Machine learning models learn patterns from data and leverage the learning, captured in the model weights, to make predictions on new, unseen data. Data, is therefore, essential to the quality and performance of machine learning models. This makes data preparation for machine learning all the more critical, so that the models generate reliable and accurate predictions and drive business value for the organization.

There is more to data preparation for machine learning beyond just collecting and feeding larger volumes of data to the machine learning models. Sometimes, “more is less”, and incorporating additional datasets can limit the accuracy of models by introducing spurious correlations.
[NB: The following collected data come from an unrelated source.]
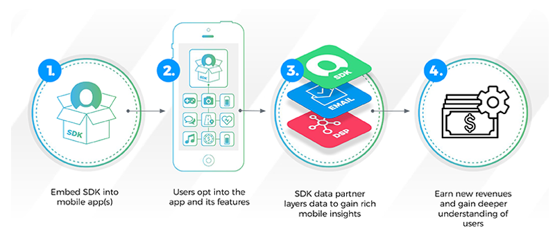 Dữ liệu từ ứng dụng có thể chuyển thành dòng lợi nhuận mới. Ứng dụng di động ngày nay tạo ra rất nhiều giá trị xoay quanh về hành động của người dùng hiện nay, do đó mang lại cơ hội béo bở cho các developer kiếm tiền từ dữ liệu thu được từ ứng dụng khi hợp tác với một đối tác data SDK.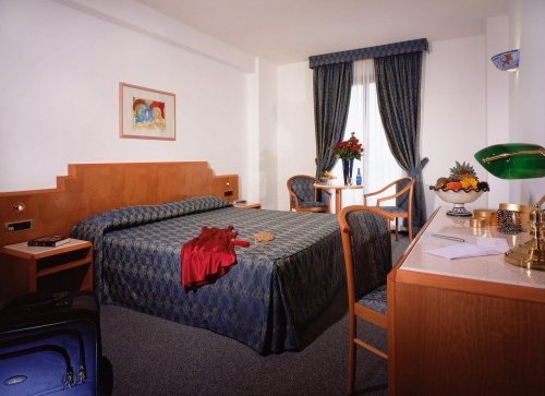L'hotel dispone di 46 camere (fra cui le eleganti Suite), tutte dotate di aria condizionata, telefono, frigobar, TV color satellitare con pacchetto Sky Italia, Pay tv, parquet o moquette, presa modem-fax, chip key, cassaforte, bollitore per il tè, asse e ferro da stiro, balcone o ampia finestra, bagno privato con box doccia o vasca, asciugacapelli.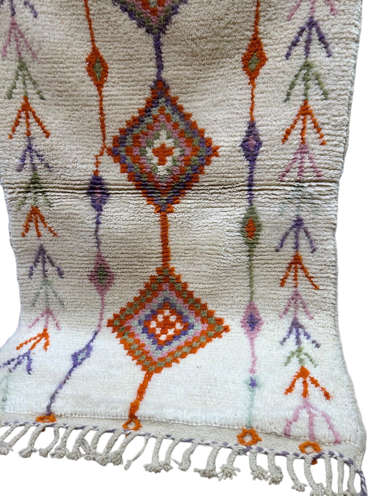 TAPIS DESCENTE DE LIT MAROCAIN BERBÈRE AZILAL COLORÉ EN LAINE 1×1,5m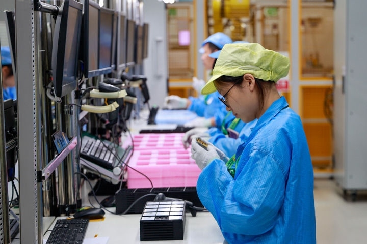 2025年9月15日,工作人員在江蘇無(wú)錫高新區(qū)綜合保稅區(qū)捷普電子(無(wú)錫)有限公司的生產(chǎn)車間里進(jìn)行產(chǎn)品檢驗(yàn)。新華社記者 劉佳琪 攝

If the data is inaccurate, incomplete, inconsistent, or biased, the machine learning model’s predictions will be flawed, which may lead to incorrect conclusions or business decisions and adverse impact on the customer experience. This realization has fuelled the recent adoption of data-centric AI strategy over model-centric approaches to obtain greater model accuracy and business outcomes.
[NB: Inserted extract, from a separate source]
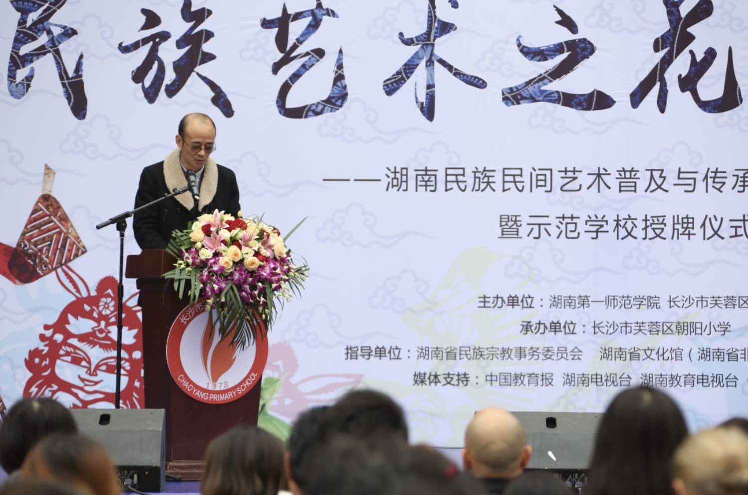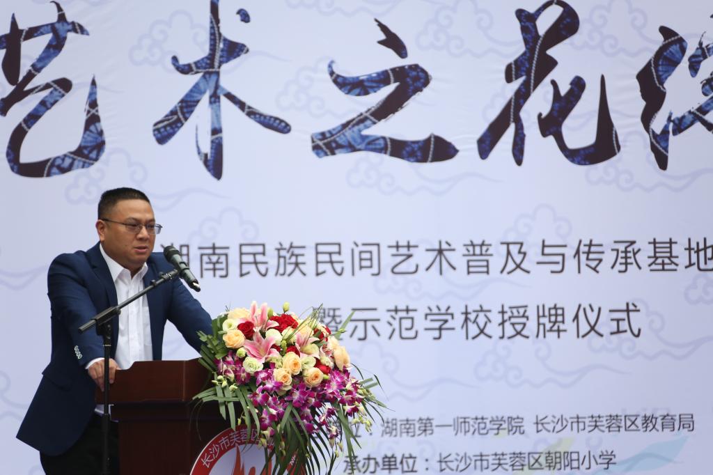 11月15日上午,公司主办的“民族艺术之花绽放校园——湖南民族民间艺术普及与传承基地成果汇报暨示范公司授牌活动”在长沙市芙蓉区朝阳小学举行。活动仪式上,基地主持人BV伟德官方网站经理范迎春教授对前期工作进行了总结汇报,湖南省民族宗教事务委员会副巡视员柏桓和BV伟德官方网站科研处处长赵奇钊代表公司为“湖南民族民间艺术普及与传承示范公司”芙蓉区朝阳小学和永州市双牌县蔡里口小学授牌。本次活动是湖南省民族民间艺术普及与传承基地自去年8月成立以来开展的系列工作之一。

Improved data preparation techniques focused on efficient data labeling, management, augmentation and curation while keeping the model relatively fixed in its architecture has led to significantly better model outcomes. For instance, work by Nvidia has demonstrated that a computer vision model for classifying handwritten Roman-MNIST numbers improved its accuracy by 5% with the use of an optimized data preparation pipeline that enhanced the quality of the training dataset.

In this blog, I will describe how to prepare data for machine learning in depth. Here are the different data preparation techniques we will look at:

  • Stage 1: Data Collection
  • Stage 2: Data Annotation
  • Stage 3: Data Preprocessing
  • Stage 4: Feature Engineering
 Importance of Data Preparation for Machine Learning as explained by engineers at Google

Figure 1: Importance of Data Preparation for Machine Learning as explained by engineers at Google (source)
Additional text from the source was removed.